Updated on 2024-01-12 GMT+08:00

Table Design Guidelines

  • You must specify table distribution (DISTRIBUTE BY). The principles for selecting a table distribution policy are as follows:

    Two table distribution policies are provided: REPLICATION and HASH. REPLICATION retains a complete data table on each node. HASH distributes table data to multiple nodes based on the provided distribution key values.

    • If the number of data records in a system configuration table or data dictionary table is less than 20 million and the insert and update operations are of low frequency, REPLICATION distribution policy is recommended.

      Exercise caution when using the REPLICATION distribution. This distribution table may cause space expansion and DML performance deterioration.

    • For tables with a large amount of data and high update frequency, data must be sharded and hash distribution policy is required. It is recommended that the distribution key be one or more fields in the primary key.
  • Properly design distribution keys to facilitate query development and ensure even data storage, avoiding data skew and read hotspots.

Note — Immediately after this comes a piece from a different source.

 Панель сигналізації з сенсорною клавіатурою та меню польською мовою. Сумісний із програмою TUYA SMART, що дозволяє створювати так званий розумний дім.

    A distribution key is important for a hash table. An improper distribution key may cause data skew. As a result, the I/O load is heavy on several DNs, affecting the overall query performance. After you select a distribution policy for a hash table, check data skew to ensure that data is evenly distributed.

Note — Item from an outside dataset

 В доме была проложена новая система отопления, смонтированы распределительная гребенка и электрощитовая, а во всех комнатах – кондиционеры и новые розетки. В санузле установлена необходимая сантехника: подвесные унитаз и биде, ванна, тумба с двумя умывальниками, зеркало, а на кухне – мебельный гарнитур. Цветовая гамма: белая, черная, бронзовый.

    1. Use columns with discrete values as distribution keys so that data can be evenly distributed to each DN.
    2. If the preceding requirement is met, it is not recommended that columns with constant filtering be used as distribution keys. Otherwise, all query tasks will be distributed to a unique and fixed DN.
    3. If the preceding two requirements are met, select the JOIN condition as the distribution key. In this way, related data of the JOIN task is distributed on the same DN, reducing the cost of data flow between DNs.

      Avoid data shuffle. To shuffle data is to physically transfer it from one node to another. This unnecessarily occupies many network resources. To reduce network pressure, locally process data, and improve instance performance and concurrency, you can minimize data shuffling using proper association and grouping conditions.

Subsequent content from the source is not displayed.